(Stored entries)

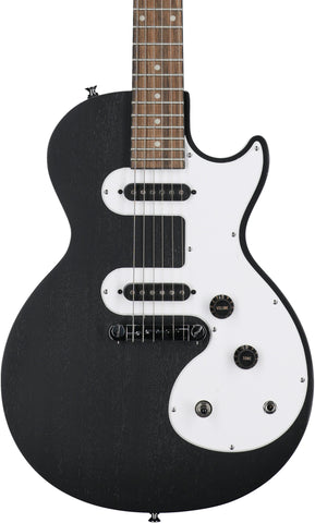 The Les Paul™ Melody Maker™ E1 is the most affordable two-pickup Les Paul ever made with a slim lightweight Poplar body with powerful Epiphone Ceramic pickups. Available in six exclusive colors: Ebony, Heritage Cherry Sunburst, Pacific Blue, Sunset Yellow, Turquoise, and Vintage Sunburst. Optional gig bag or hard case available. (Previously called Les Paul SL™)
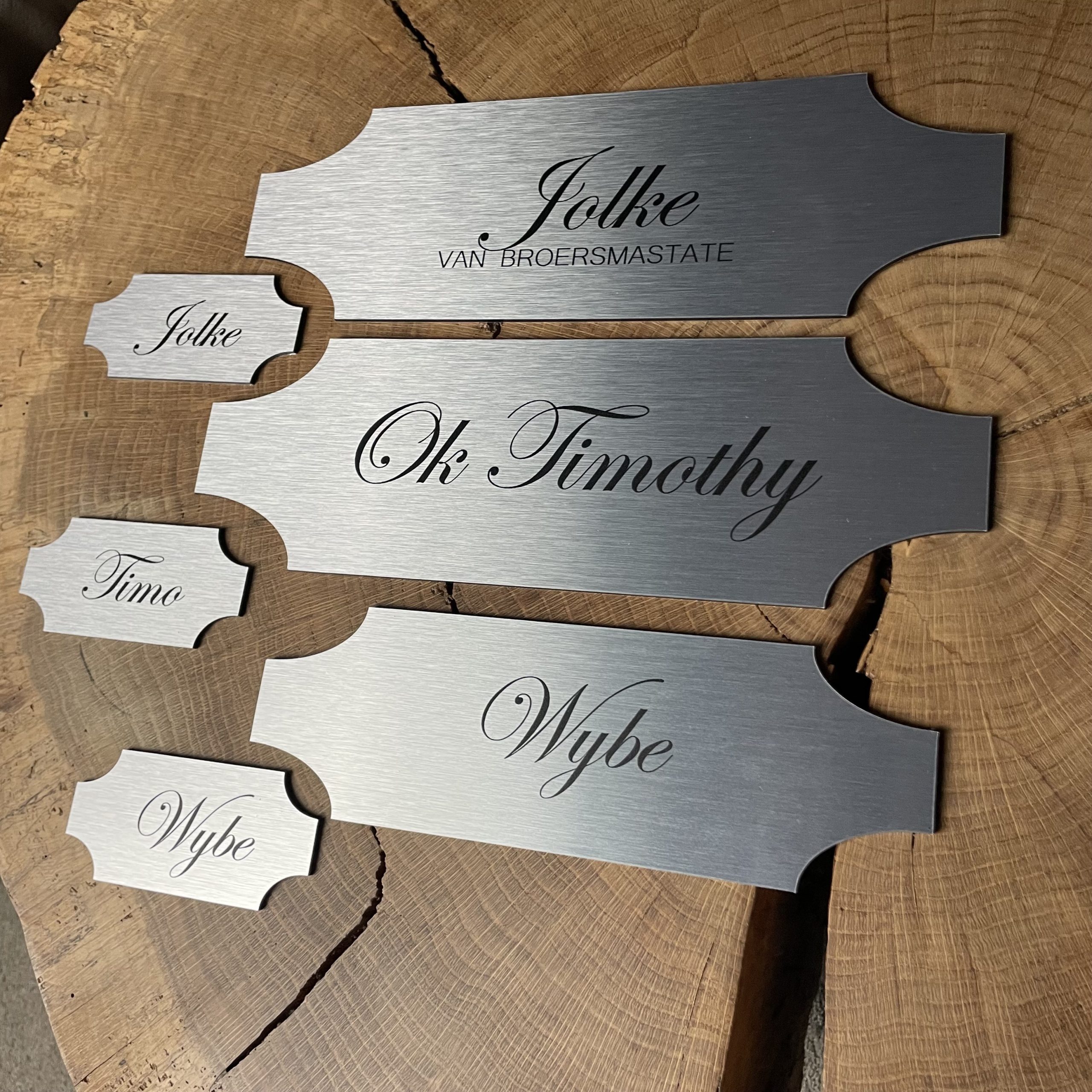 * Gewenste tekst vul je in bij het afrekenen bij ‘ factuurgegevens – bestelnotities’. Na het plaatsen van de bestelling neem ik persoonlijk contact op voor goedkeuring van het ontwerp. Daarna gaat het stalbord in productie.
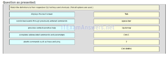 Match the definitions to their respective CLI hot keys and shortcuts. (Not all options are used.)
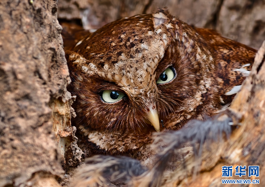 树洞中的黄嘴角鸮(5月18日摄)。新华网发(杨学飞 摄)
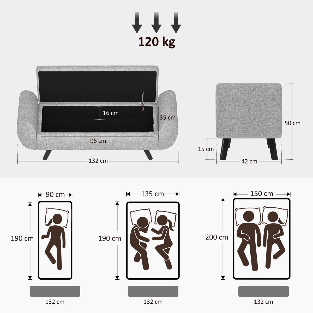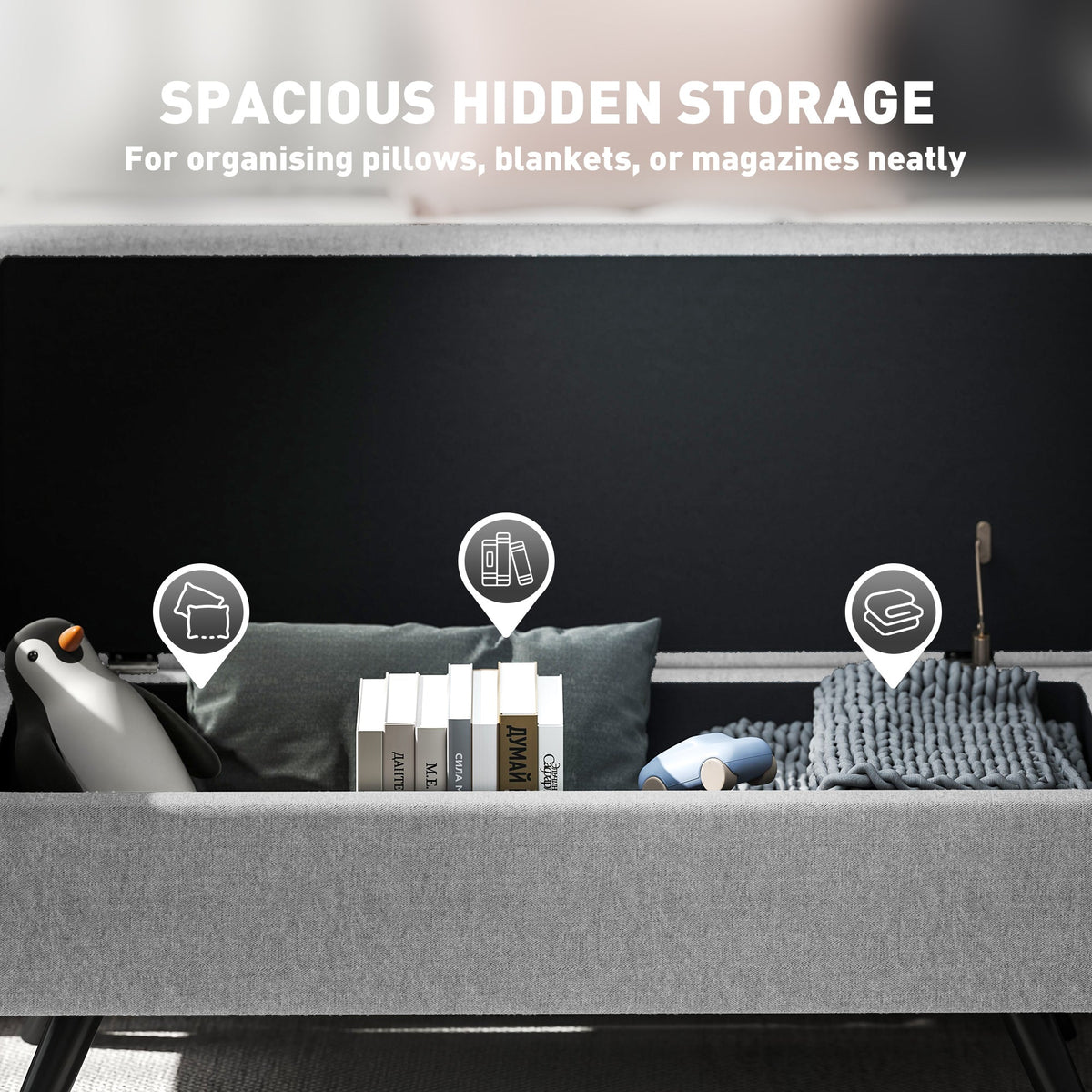 HOMCOM Storage Ottoman with Armrest, Upholstered Linen Storage Bench, Window Seat with Rubberwood Legs, Footstool for Bedroom Living Room, Hallway, Dark Grey
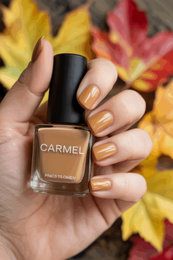 Caramel polish shades are popular this fall. They offer a warm, natural look that fits autumn well.
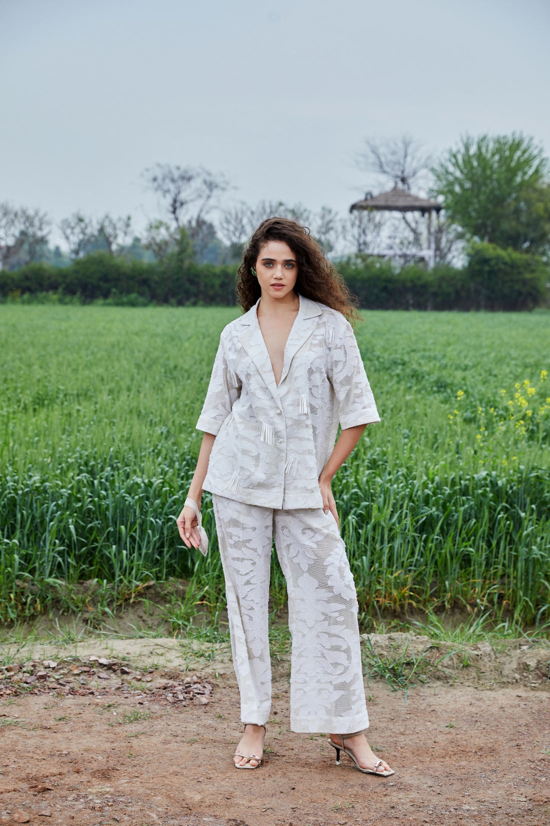 CRUNK IVORY SELF JACQUARD RESORT CO-ORD (SHIRT AND PANTS)
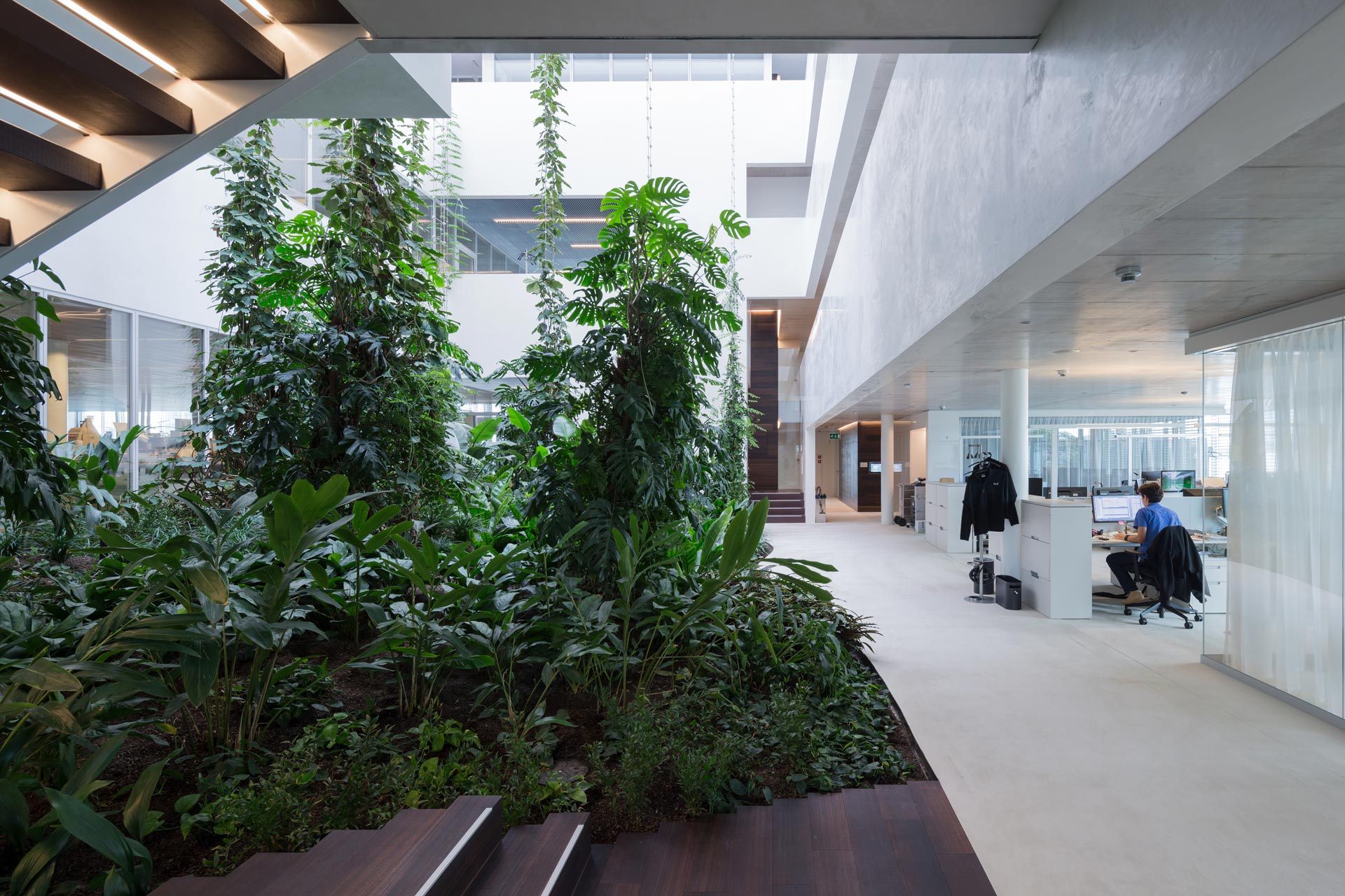 The symbiosis of open-plan laboratories and open-space offices makes two green atriums possible: one is located on top of the other. On the one hand, they create informal communication spaces with visual contact and, on the other hand, they combine the different room heights of the laboratory and office in a compact cube.
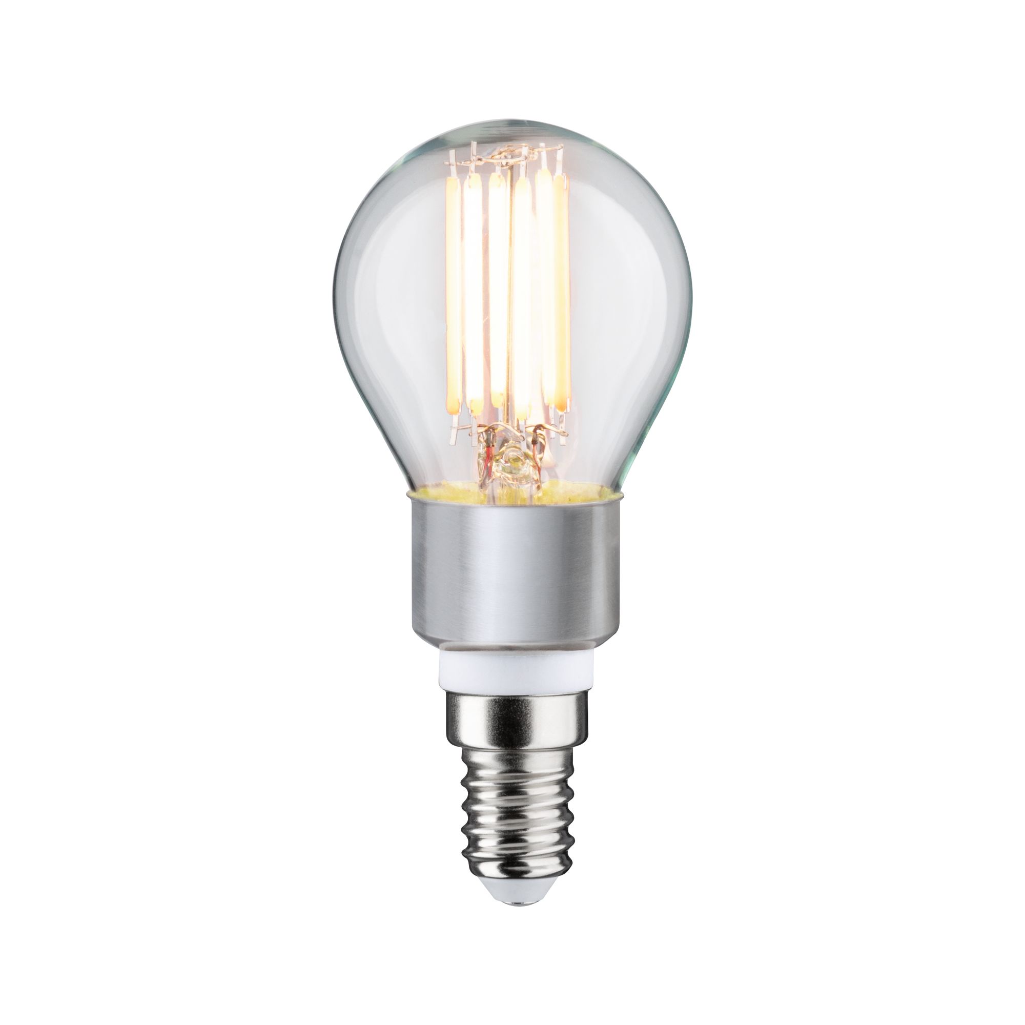 Die Filament-Tropfenlampe mit einer Leistung von 5 Watt gibt ihr warmweißes Licht in alle Richtungen ab. Mit einem handelsüblichen Wand-Dimmer kann die Lichtfarbe zwischen 1.800 und 3.000 Kelvin eingestellt werden. Dadurch kann, je nach Stimmung, zwischen gemütlichem Goldlicht und angenehm tageslichtweißem Licht gewechselt werden.
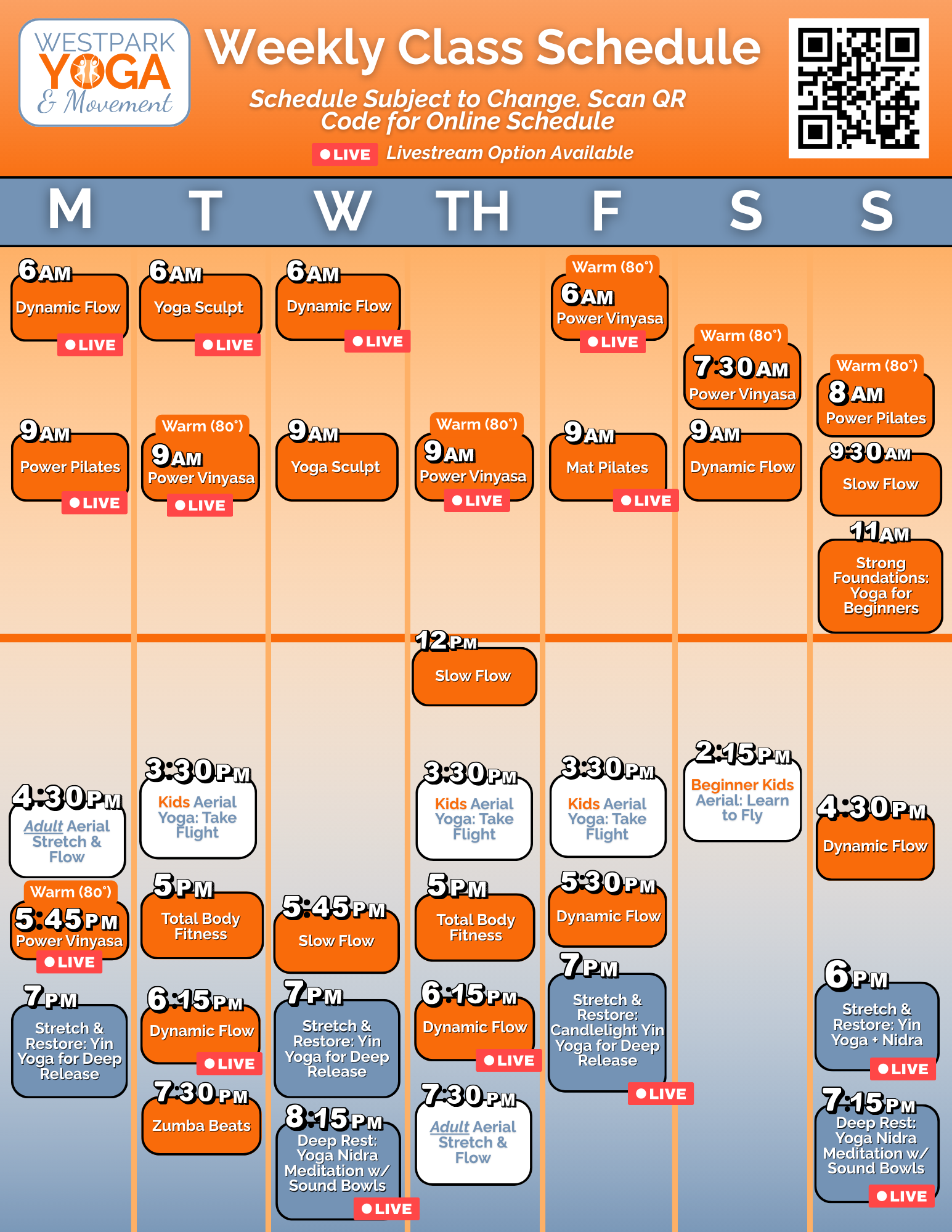 Our Weekly Class Schedule is subject to change. Please check the daily class schedule on the widget below for the most accurate daily class schedule.

**Task description:**
Pictures don't belong in the copy. Restate all the entries exactly.

**Written solution:**
 The Les Paul™ Melody Maker™ E1 is the most affordable two-pickup Les Paul ever made with a slim lightweight Poplar body with powerful Epiphone Ceramic pickups. Available in six exclusive colors: Ebony, Heritage Cherry Sunburst, Pacific Blue, Sunset Yellow, Turquoise, and Vintage Sunburst. Optional gig bag or hard case available. (Previously called Les Paul SL™)
 * Gewenste tekst vul je in bij het afrekenen bij ‘ factuurgegevens – bestelnotities’. Na het plaatsen van de bestelling neem ik persoonlijk contact op voor goedkeuring van het ontwerp. Daarna gaat het stalbord in productie.
 Match the definitions to their respective CLI hot keys and shortcuts. (Not all options are used.)
 树洞中的黄嘴角鸮(5月18日摄)。新华网发(杨学飞 摄)
 HOMCOM Storage Ottoman with Armrest, Upholstered Linen Storage Bench, Window Seat with Rubberwood Legs, Footstool for Bedroom Living Room, Hallway, Dark Grey
 Caramel polish shades are popular this fall. They offer a warm, natural look that fits autumn well.
 CRUNK IVORY SELF JACQUARD RESORT CO-ORD (SHIRT AND PANTS)
 The symbiosis of open-plan laboratories and open-space offices makes two green atriums possible: one is located on top of the other. On the one hand, they create informal communication spaces with visual contact and, on the other hand, they combine the different room heights of the laboratory and office in a compact cube.
 Die Filament-Tropfenlampe mit einer Leistung von 5 Watt gibt ihr warmweißes Licht in alle Richtungen ab. Mit einem handelsüblichen Wand-Dimmer kann die Lichtfarbe zwischen 1.800 und 3.000 Kelvin eingestellt werden. Dadurch kann, je nach Stimmung, zwischen gemütlichem Goldlicht und angenehm tageslichtweißem Licht gewechselt werden.
 Our Weekly Class Schedule is subject to change. Please check the daily class schedule on the widget below for the most accurate daily class schedule.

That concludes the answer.